Rich, like chocolate cake

While building on his previous books, Lakoff also gets into a new area: the use of narratives in poltics.The DWIs and purorted drug use of President Bush ,standing alone, never mattered because people saw him through the narrative of Redemption, the overcoming of adversity and the possibility of salvation. The opening section on Anna Nicole Smith and the narratives used to view her contain some of the book's best writing. it also helps explain the power of Senator Clinton---women who have it rough(sex discrimination, faithless husband etc) don't just identify with her, they are her and she is them as she struggled for the nomination.

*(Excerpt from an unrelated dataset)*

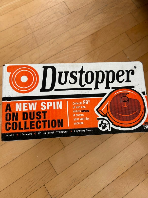 New in box vintage Duststopper dust collection system. Includes 36" hose and sweep elbows. Connects to most vacuums. Amazing separation efficiency. Removes 99% of dirt and debris.

He hammers away ,as before on frames and the building of them. As a trial attorney I see this all the time---if the other side responds to my framing, I will usually win because in telling their "story" they just end up repeating mine. Instead, to be persuasive you must create a different story. The Dems are still having a hard time grasping this fundamental truth.Some good stuff on how we are wired for empathy. He coins a new word "privateering" for what happens when a government function is abandoned by government and handed over to corporations; ie a wealth transfer, think no bid contracts a la Iraq and Katrina.The book is like chocolate cake---almost too rich, and it loses focus as it goes along. Still , it deserves a 5 star rating because it is a book of ideas, which is always welcome, no matter party affliation.